Supplied data
---
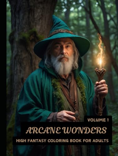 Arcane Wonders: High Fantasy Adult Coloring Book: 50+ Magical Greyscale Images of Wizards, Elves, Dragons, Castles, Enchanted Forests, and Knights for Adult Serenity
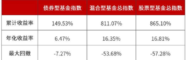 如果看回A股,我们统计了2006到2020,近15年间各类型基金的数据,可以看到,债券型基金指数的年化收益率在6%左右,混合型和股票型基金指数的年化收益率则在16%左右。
---
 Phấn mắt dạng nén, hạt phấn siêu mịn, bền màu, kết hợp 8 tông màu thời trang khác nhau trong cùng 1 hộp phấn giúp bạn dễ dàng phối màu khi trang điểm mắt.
---
What is required
From the records above, write out exactly the lines that begin at the line with "Arcane Wonders: High" and end at the line with "如果看回A股,我们统计了20". Pictures must not appear in the output.

Solution
 Arcane Wonders: High Fantasy Adult Coloring Book: 50+ Magical Greyscale Images of Wizards, Elves, Dragons, Castles, Enchanted Forests, and Knights for Adult Serenity
 如果看回A股,我们统计了2006到2020,近15年间各类型基金的数据,可以看到,债券型基金指数的年化收益率在6%左右,混合型和股票型基金指数的年化收益率则在16%左右。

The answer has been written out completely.